The importance of testing viral presence for further treatment has been shown in a retrospective analysis by Frustaci in which viral persistence was associated with detrimental outcomes in patients with myocarditis receiving immunosuppressive therapy [44]. Proofing of transcriptional activity of B19V is therefore mandatory to differentiate between latent and active viral persistence and avoiding potential incorrect therapeutic decisions.

Primary antiviral therapeutic options already exist. Recently, we were able to show that clinical symptoms in patients with enterovirus and adenovirus genomes improved during antiviral treatment with interferon-β [45]. Moreover, suppression of B19V transcriptional activity by nucleoside analogue telbivudine treatment improved hemodynamic and clinical outcomes significantly [46]. In- vitro data provided an anti-apoptotic effect of this nucleoside analogue through normalization of BIRC3 levels in B19V-induced apoptosis, and thereby protected cells from B19V damage [47].

Limitation of the Study

The major limitation of this study is the lack of randomization.
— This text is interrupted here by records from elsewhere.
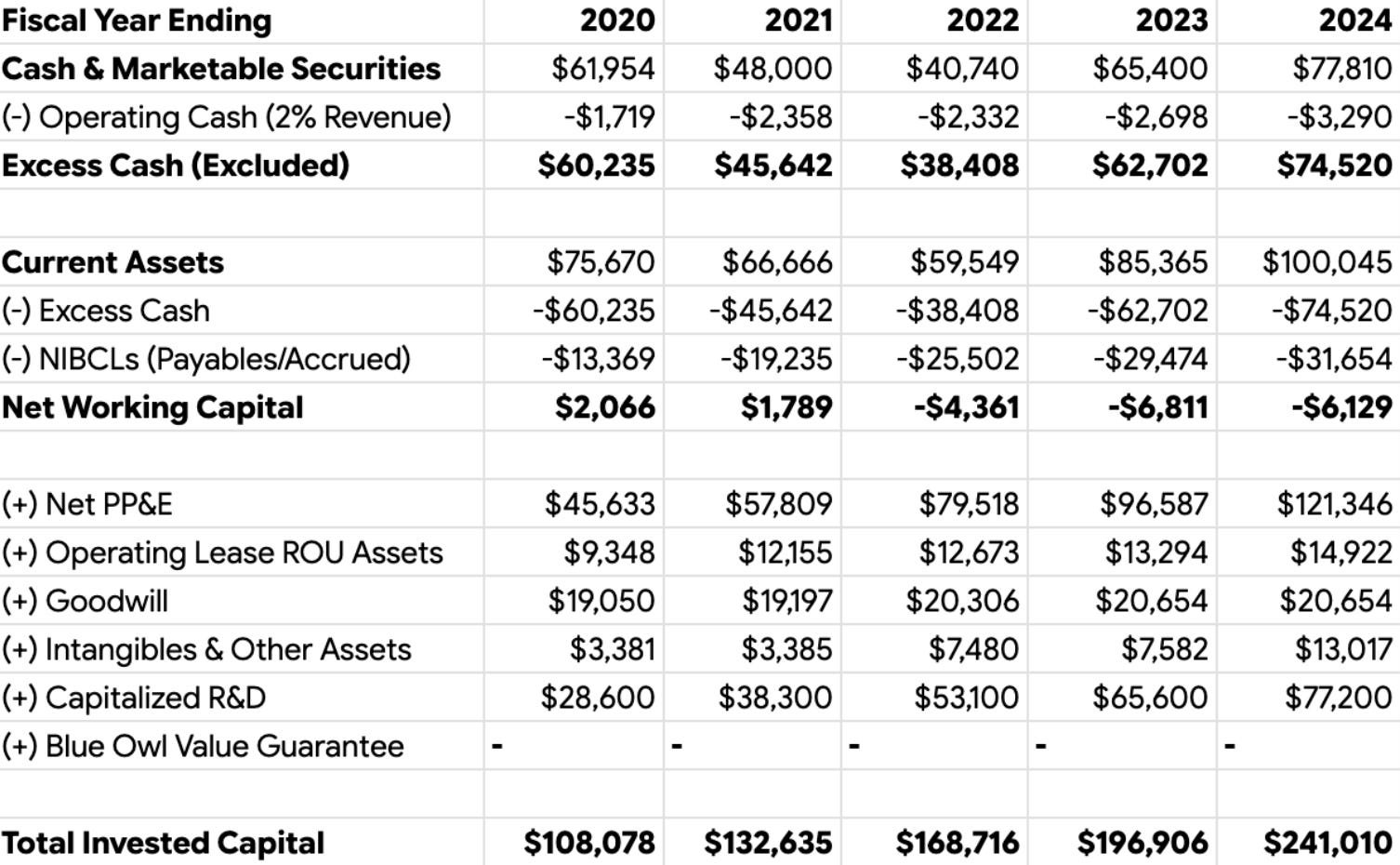 In terms of the invested capital issue with capital light companies like software and pharmaceuticals, Yefei Lu discusses how to add back accumulated amortization in the book, Inside the Investments of Warren Buffett. That said, I think you handled it well in the META example.
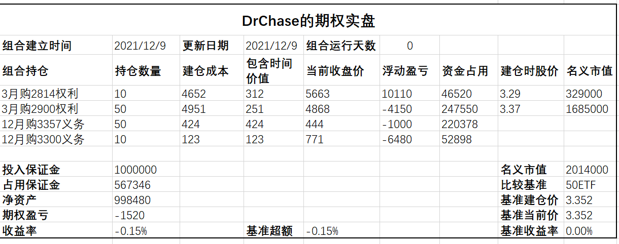 今天才发现上周五统计结果时忘记更新50ETF的收盘价,导致亏损少算了,今天更正过来。
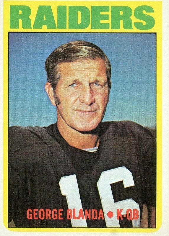 George Blanda's Football cards are available in at least 45 sets. George Blanda's biggest 7-day price movers are 1972 Topps #235 Base, 1972 Topps #348 In Action, and 1961 Topps #145 Base.
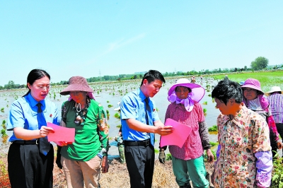 麦收结束,插秧正当时。日前,江苏省淮安市洪泽区人民检察院干警开展“法律八进”活动,走进田间地头宣传普及预防养老诈骗常识,引导农村群众系紧“粮袋子”,守好“血汗钱”。崔德圣 常兆/摄

This was a retrospective analysis of data from a prospective observational cohort and, as such, the possible effect of selection bias cannot be denied. The cohort was only adjusted to B19V-positive patients with or without detectable replicative intermediates of B19V confirmed by measurement of B19V RNA transcripts. In this design, unmeasured confounding cannot be ruled out.

5. Conclusions

Among patients with B19V genomes in EMB, in this study we were able to demonstrate for the first time that B19V with transcriptional activity is clinically relevant. Transcriptionally active B19V is associated with progressive cardiac dysfunction and impaired survival.

Compentency in medical knowledge: Our study has high and immediate clinical impact, since B19V is the most frequently found cardiotropic virus in EMBs. Testing of replicative status of B19V is a prerequisite for further therapeutic decisions. The findings reported here highlight the importance of an advanced diagnostic approach with inclusion of B19V transcriptional activity into the routine evaluation of EMBs, especially if inflammation is detected. This is of particular importance because initiation of an immunosuppressive therapy leads to a significantly worse prognosis in the case of an additional active viral infection.
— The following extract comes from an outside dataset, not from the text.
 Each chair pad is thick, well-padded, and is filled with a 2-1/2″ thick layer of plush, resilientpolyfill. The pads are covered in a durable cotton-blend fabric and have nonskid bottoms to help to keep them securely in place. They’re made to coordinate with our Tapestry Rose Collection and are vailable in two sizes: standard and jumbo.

Translational outlook: Comprehensive, standardized diagnostic differentiation of endomyocardial B19V infections with biological and prognostic relevance (including viral replication and ongoing inflammation) seems to be the key approach for both an updated diagnostic classification of B19V associated viral cardiomyopathy and a more meaningful selection of candidates for future innovative anti-viral immunomodulatory treatment strategies and randomized studies, which are urgently needed.